PROBLEM STATEMENT> Will you output all of the data below exactly, omitting the images?

Dataset items:
————

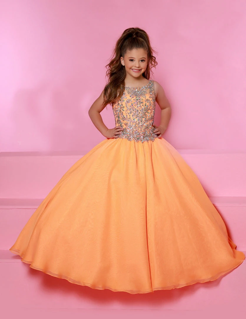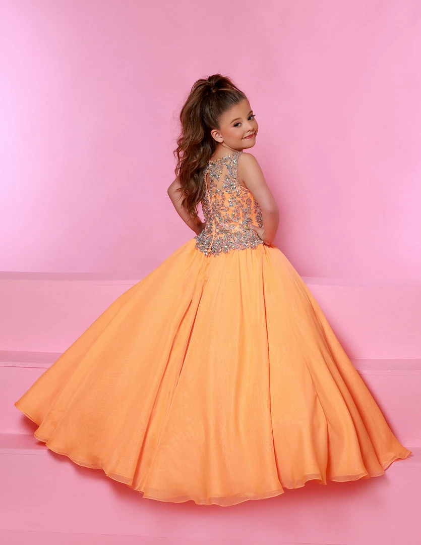 Sugar Kayne C161 is a long A Line Girls Ballgown Pageant Dress. Fully embellished high neckline and fitted bodice. It has a long chiffon ball gown skirt.
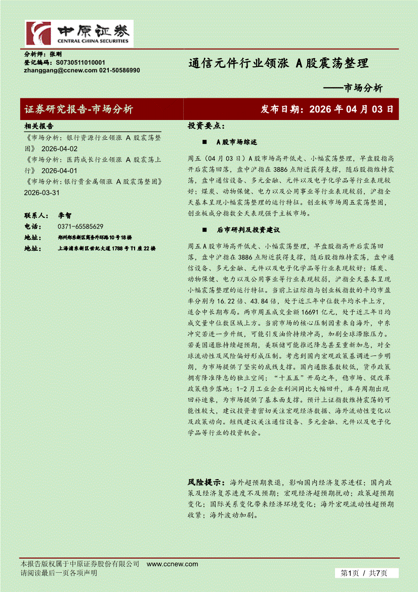 中原证券-市场分析:通信元件行业领涨,A股震荡整理-260403
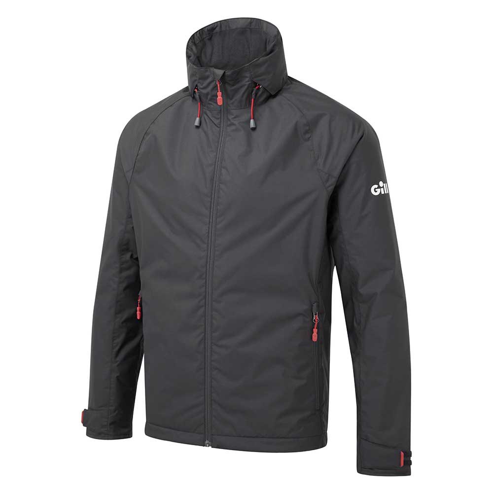 Fecho frontal protegido por um protetor interno contra tempestades para proteção contra o tempo chuvoso.
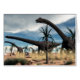 Diplodocus dinosauriërs lopen tussen rotsen en williamsonia-bomen in de woestijn
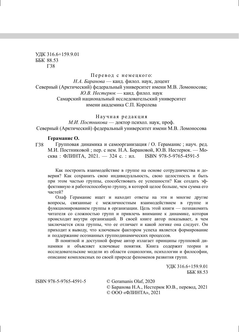Олаф Гераманис ищет и находит ответы на эти и многие другие вопросы, связанные с межличностным взаимодействием в группе и функционированием группы в организации. Цель этой книги — познакомить читателя со сложностью групп и привлечь внимание к динамике, которая происходит внутри организаций. В своей книге автор показывает, в чем заключается сила группы, что ее отличает и какой логике она следует. Он приходит к выводу, что ключевым фактором успеха является формирование и поддержание осознанных групподинамических процессов.
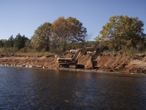 The ran 2 units from 6 a.m. until 8 a.m. So I headed out about 9 and ran into this below Gene’s. They are doing some bank stabilization and it muddied up the river pretty good.
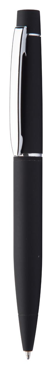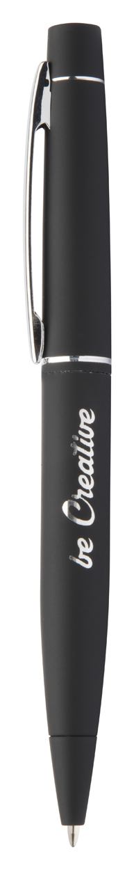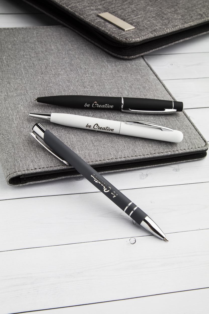 Drehkugelschreiber aus Metall mit gummierter Oberfläche und Spezialbeschichtung für eine Spiegelgravur, blauschreibend.
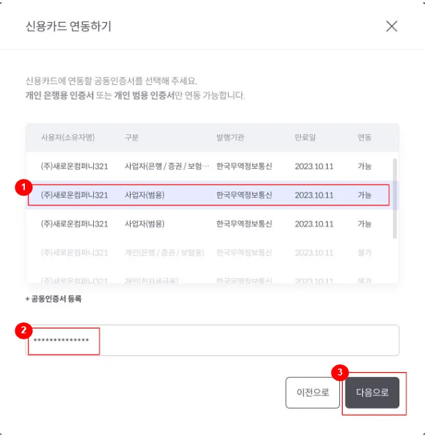 연동하고자 하는 인증서를 선택하고, 비밀번호를 입력 해주세요.
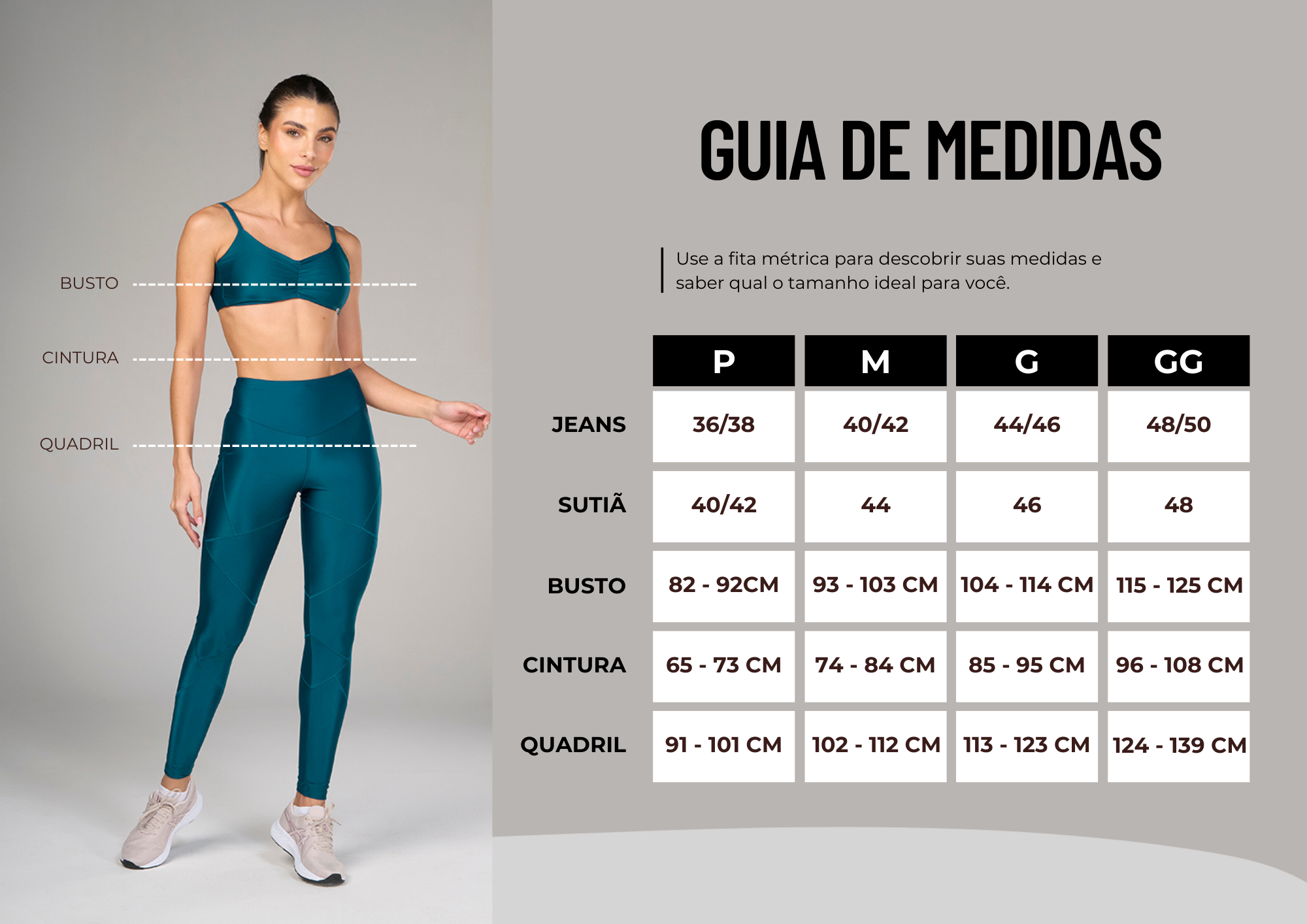A modelo tem 1,74m e veste P.

————

WRITTEN RESPONSE>
 Sugar Kayne C161 is a long A Line Girls Ballgown Pageant Dress. Fully embellished high neckline and fitted bodice. It has a long chiffon ball gown skirt.
 中原证券-市场分析:通信元件行业领涨,A股震荡整理-260403
 Fecho frontal protegido por um protetor interno contra tempestades para proteção contra o tempo chuvoso.
 Diplodocus dinosauriërs lopen tussen rotsen en williamsonia-bomen in de woestijn
Олаф Гераманис ищет и находит ответы на эти и многие другие вопросы, связанные с межличностным взаимодействием в группе и функционированием группы в организации. Цель этой книги — познакомить читателя со сложностью групп и привлечь внимание к динамике, которая происходит внутри организаций. В своей книге автор показывает, в чем заключается сила группы, что ее отличает и какой логике она следует. Он приходит к выводу, что ключевым фактором успеха является формирование и поддержание осознанных групподинамических процессов.
 The ran 2 units from 6 a.m. until 8 a.m. So I headed out about 9 and ran into this below Gene’s. They are doing some bank stabilization and it muddied up the river pretty good.
 Drehkugelschreiber aus Metall mit gummierter Oberfläche und Spezialbeschichtung für eine Spiegelgravur, blauschreibend.
 연동하고자 하는 인증서를 선택하고, 비밀번호를 입력 해주세요.
A modelo tem 1,74m e veste P.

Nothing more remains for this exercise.